Once online, the project is expected to provide enough clean energy to power 650,000 homes at rated wind speed, avoiding 3.7 million tons per year of carbon emissions compared to fossil fuel-based power generation. This is another milestone agreement for the United States as it aims to add 25 GW of renewable energy by 2030, enough to provide clean, renewable energy to approximately 12 million average homes, or 10% of total U.S. households.
“We’re confident that offshore wind power is already one of the fastest-growing, most important contributors on which Virginia state agencies can draw to reach their ambitious renewable energy goals.

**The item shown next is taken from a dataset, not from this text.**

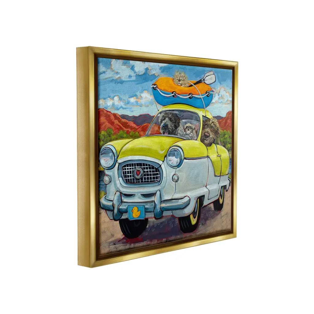 Elevate your home or office to the next level with Stupell Framed Floating Canvas Wall Art. Our premium hand-stretched canvas is mounted securely into a sturdy lightweight frame. The museum-style gap between the wrapped canvas and the box frame gives the illusion of floating artwork. Stupell Wall Art is made in the USA.Features: Dimensions: 18 x 1.7 x 18 Frame, 17 x 1.5 x 17 Canvas ArtFloating Frame Canvas Products are available in sizes 18"x18" and 25"x25". All Floating Frame Canvas Products have a 1.7" Depth.Wall Art is Ready to Hang with Hardware Free Hanging. No Installation required. For Easy Set Up Lean or Layer Artwork on Shelf or Against Wall. Artwork is Permently Fixed into the Frame.Our elevated 1.7" Thick Floating Frame is the perfect complement to our canvas style Wall Art. We use only the highest quality inks in house with industry leading printing solutions. Canvas is hand stretched over a durable wood foundation and then mounted securly into a Modern Box Frame. Made in the USA.Artwork Relates To: Painting, Animal, Canine, Dog, Mammal, Pet, Car, Modern, Landscape, Raft, Boat, Vacation, Desert, SummerDesign by CR Townsend

Receiving 30 percent of its electricity from renewable sources by 2030 is fully feasible, and we are eager to lead the way for the citizens of the Commonwealth,” says Steve Dayney, Head of Offshore North America at Siemens Gamesa Renewable Energy. “We have always believed that the Coastal Virginia demonstration project currently underway with Dominion Energy is a gateway to something bigger and now Virginia is poised to benefit from the wide-ranging economic benefits the Dominion Energy Virginia Offshore Wind project will bring.”
Dominion Energy Virginia Offshore Wind expands on knowledge gained though the current two-turbine,12-MW Coastal Virginia Offshore Wind (CVOW) project. It is the first offshore wind project to be built in U.S. Federal waters and will utilize Siemens Gamesa’s 6-MW SWT-6.0-154 wind turbines. CVOW is set to be online in 2020 within a research lease area adjacent to site of the 2,640-MW project will be located.
The agreement for Dominion Energy Virginia Offshore Wind also provides for certain early works to support project development, including turbine layouts which will be used in the Construction and Operations Plan (COP) submittal to the United States Department of the Interior’s Bureau of Ocean Energy Management in late 2020.